As a prelude to the ISSCC conference in San Francisco at the end of February, AMD CEO Lisa Su had the honour of opening the proceedings. She did so in the form of a warning : our growing dependence on high-performance computing will not be sustainable from an energy point of view without enormous progress in the consumption of the chips involved. “Even if Moore’s Law has slowed down, supercomputer performance tends to double every 1.2 years, which is at least twice as fast as the progress made in energy efficiency. At this rate, we could be looking at zettascale supercomputers in less than ten years, but each one would require 500 MW to power it, the equivalent of half a nuclear power station“, explains Lisa Su. This is obviously neither sustainable nor desirable. Fortunately, there are ways of keeping chip consumption within more reasonable limits.
According to AMD’s CEO, the first task lies in the assembly and encapsulation of integrated circuits. It is no longer possible to rely solely on the reduction of lithography geometries to improve the chips efficiency : “progress slowed down from 7 nm in terms of density, and stopped from 5 nm onwards in terms of thermal efficiency“. In addition, production costs are soaring for large chips produced in advanced technologies. Finally, despite their progress, memory and I/O performance are struggling to keep pace with miniaturisation. Hence the advent of modular architectures combining multiple chiplets in a single package. Not only does this layout optimise the process for each function (memory, digital processing, I/O, etc.), but it also brings the different elements physically closer together, making interconnections much more frugal. Yet modern components often spend as much energy carrying data as processing it. “Fetching a bit from memory consumes about as much energy as performing a 64-bit floating point operation“, notes Lisa Su. The advent of 2.5D encapsulation technologies, often involving an interposer layer, is of great service here. Stacking chips in three-dimensional packages offers further gains, as demonstrated by HBM memories that combine higher bandwidth than DDR5 Dram with three to four times lower power consumption per bit. “But true 3D assembly methods for heterogeneous chips are still in their infancy and need to mature“, adds Lisa Su. Stacking chips poses challenges in terms of heat dissipation, and the interfaces of the different elements need industry-wide standards (such as those promoted by the UCLe initiative) to facilitate their dialogue. “In a way, the package has become the new motherboard ; thanks to widely accepted interconnection standards, each manufacturer will be able to optimise its part of the system“, prophesies Lisa Su.

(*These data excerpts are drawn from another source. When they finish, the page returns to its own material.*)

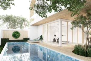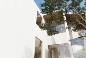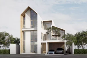 สถาปัตยกรรมของที่อยู่อาศัยแห่งนี้มีความพิเศษด้วย รูปทรงหลังคาทรงจั่วที่สูงโปร่ง ผสมผสานกับเส้นสายที่ทันสมัย สร้างความรู้สึกสง่างามและเป็นเอกลักษณ์ การใช้ กระจกบานใหญ่พิเศษ ตั้งแต่พื้นจรดเพดาน ไม่เพียงแต่ช่วยเปิดรับแสงธรรมชาติได้อย่างเต็มที่ แต่ยังสร้างความรู้สึกโปร่ง โล่ง สบายตา และเชื่อมโยงพื้นที่ภายในกับทิวทัศน์ภายนอกได้อย่างไร้รอยต่อ นอกจากนี้ การเลือกใช้วัสดุอย่าง ไม้สีอ่อน ในส่วนของโครงสร้างหลังคาและบางผนังตัดกับ ผนังสีขาวสะอาดตา เป็นการสร้างความอบอุ่นและความสมดุลให้กับความทันสมัย การจัดวางฟังก์ชันต่างๆ รวมถึงพื้นที่จอดรถที่ออกแบบให้กลมกลืนกับตัวอาคาร และระเบียงส่วนตัวที่มีต้นไม้ช่วยเพิ่มความร่มรื่น ล้วนสะท้อนถึงความใส่ใจในทุกรายละเอียดเพื่อตอบโจทย์การใช้ชีวิตอย่างแท้จริง
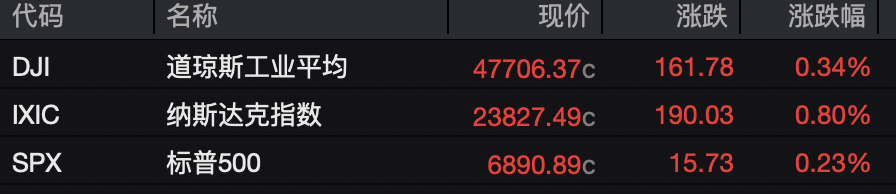 受美联储降息预期、科技巨头较好财报预期等因素的推动,当地时间周二(10月28日),美国股市三大股指全线收涨,道琼斯工业指数涨0.34%,报47706.37点,标准普尔500指数涨0.23%,报6890.89点,纳斯达克指数涨0.8%,报23827.49点,上述三大指数均续创历史新高。
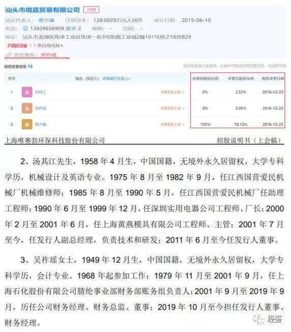 据工商资料显示,唯赛勃董事、核心技术人员汤其江先生和公司董事、财务经理吴祚瑶女士一直为汕头市境嘉贸易有限公司(以下简称“汕头境嘉”)的股东,该司主营业务与唯赛勃主营业务存在上下游关系。2016年12月23日,汕头境嘉发生一次股权变更行为,变更后汤其江持股2.52%,吴祚瑶持股5.05%,蔡少满持股78.12%。
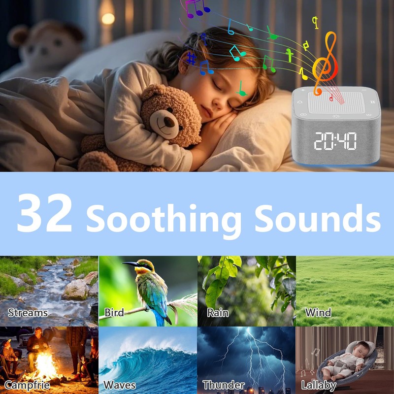 - 🎵【32 Non-Looping Soothing Sounds】 The white noise machinefor adults has 32 relaxing sounds including white noise, rain, waves, birdsong, gentle trains, etc natural sounds. It effectively blocks disruptive noises and creates a peaceful sleep environment for babies, kids and adults.
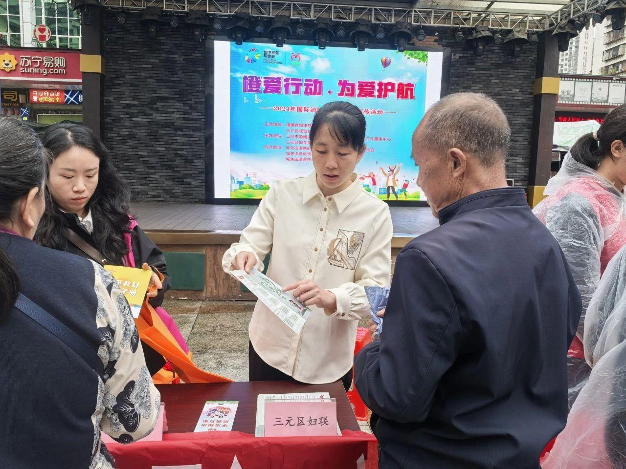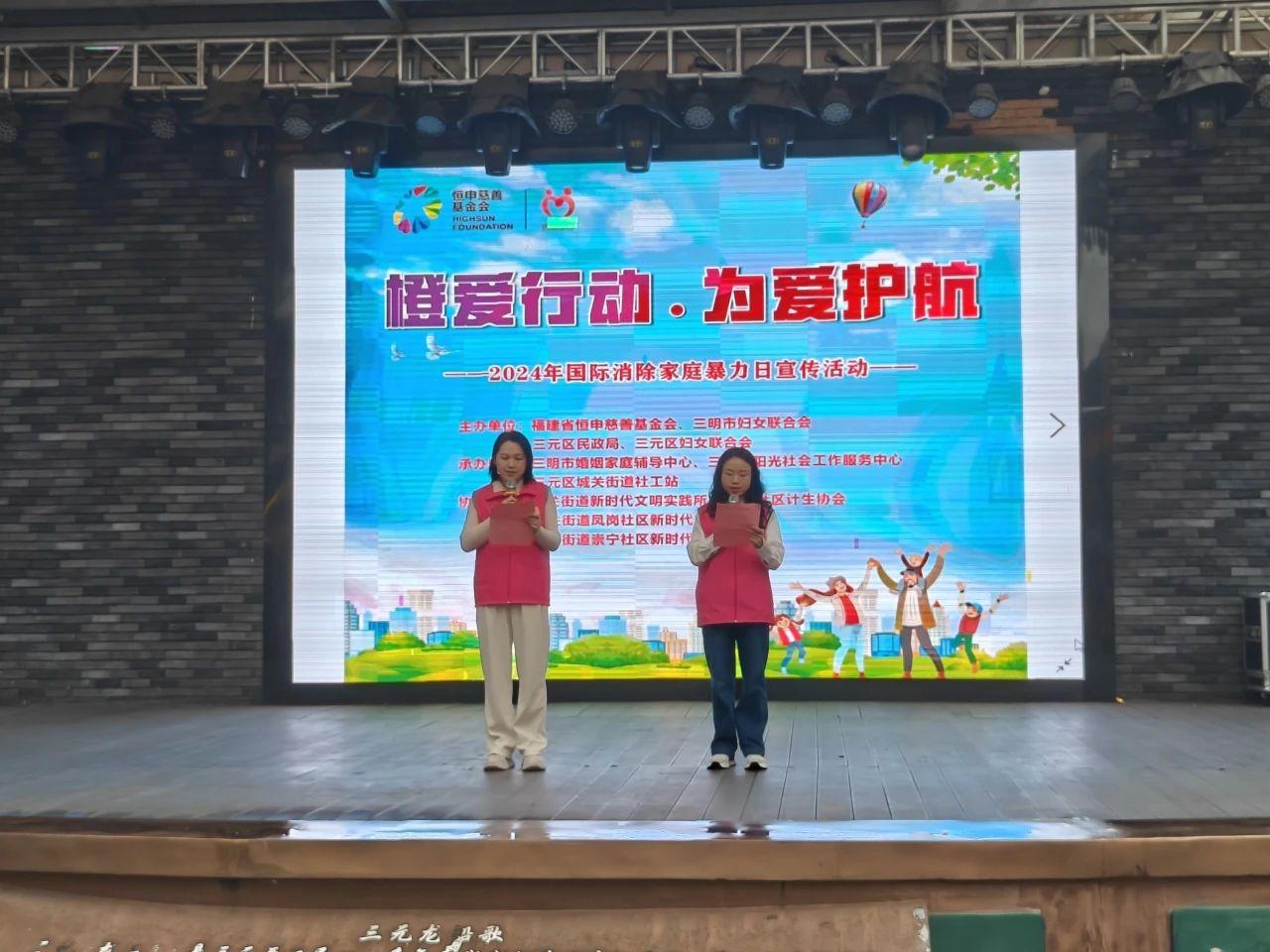 為切實增強廣大婦女和家庭的反家暴意識,有效預防和制止家庭暴力,營造全社會共同反對家庭暴力、維護婦女合法權益的良好氛圍,11月20日,在“國際反家庭暴力日”到來之際,三元區婦聯聯合福建省恒申慈善基金會、市婦聯、市婚姻家庭輔導中心、陽光社會工作服務中心等單位在三元區城關街道騰飛廣場聯合舉辦“橙愛行動·為愛護航”——國際消除家庭暴力日宣傳活動。

Another method of making better use of memory and limiting data round trips is processing in memory (PIM), a technique that is “a bit counter-intuitive for us processor manufacturers“, says the AMD CEO with a smile, but which is the subject of a great deal of research and which was also the subject of a separate presentations category at ISSCC 2023. Another priority for the future : processors and complex circuits will have to be equipped with integrated optical interfaces so that the energy efficiency efforts undertaken inside the package are not wasted by the increased consumption linked to the transport of this data. Lisa Su is also betting on the advent of standardised interfaces in this area, for example around the CXL protocol, and cites the presentation by an AMD team of an optical WDM link consuming a total of 2.5 pJ/bit and made by stacking 7 nm Cmos and 45 nm optical chips.

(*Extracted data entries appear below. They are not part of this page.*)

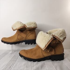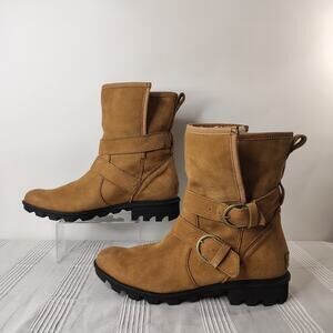 Sorel Phoenix Moto Boots Womens 11 Soft Suede Sheerling & Microfiber Lined Brown
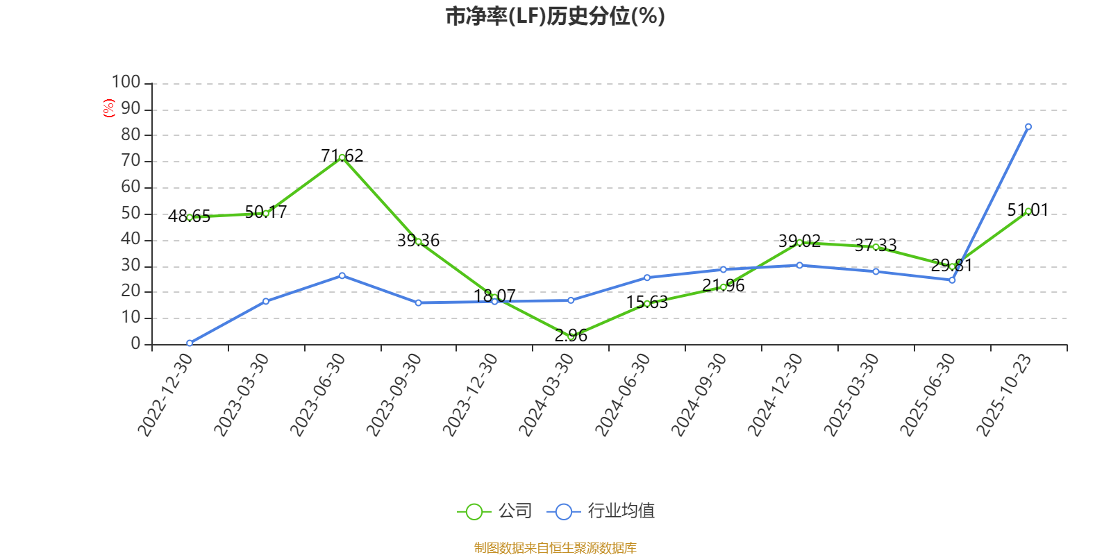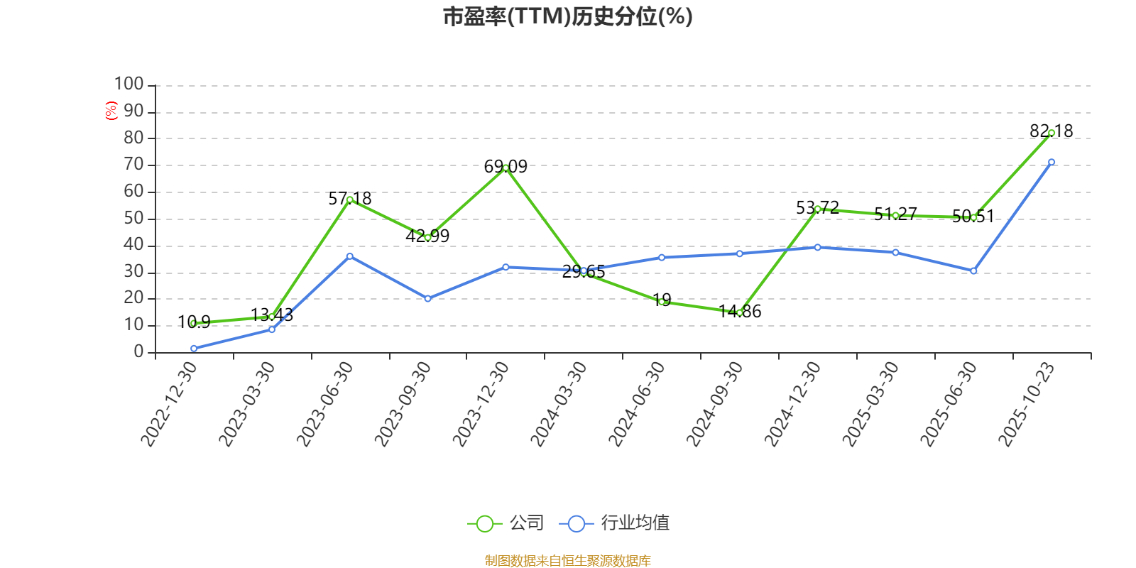市盈率、市净率为负时,不显示当期分位数,会导致折线图中断。
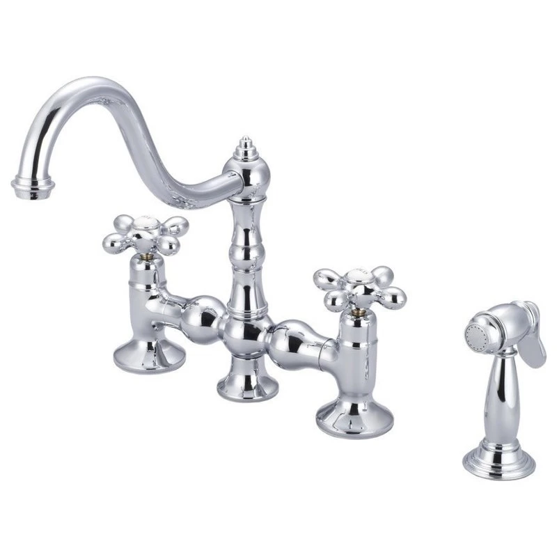 Get a handle on your perfect kitchen design with the Bridge Style 2-Piece Kitchen Faucet Set. With multiple options available, each faucet can be crafted to fit the vision of your dream kitchen. The swivel spout, with two brass handles and a side spray, complement this kitchen faucet’s sleek design and add to the performance of the piece. Create an chic, luxury kitchen that will withstand the test of time.

Finally, Lisa Su praised in San Francisco the use of dedicated accelerators within the circuits. It is no longer a question of processing all the algorithms at the level of rarely optimised software code, relying on super-powerful processors: energy constraints impose more than ever a sort of return to hardware processing, which has already considerably increased the functionality of our smartphones, for example. “This is especially true in artificial intelligence processing, where new data formats with reduced precision need to be natively supported by processors to improve their efficiency“, explains Lisa Su. To bring things full circle, this AI, which is advancing much faster than conventional digital processing, is also beginning to significantly improve the design of the chips themselves. “In a study using Synopsys’ DSO.ai technology, we found that AI-backed CAD tools outperformed the best engineering teams for some tasks, and this will intensify as AI becomes involved in all stages of circuit design“, says Su. Will all this be enough to achieve zettascale performance in a 100 MW thermal envelope? At least that’s the AMD executive’s goal.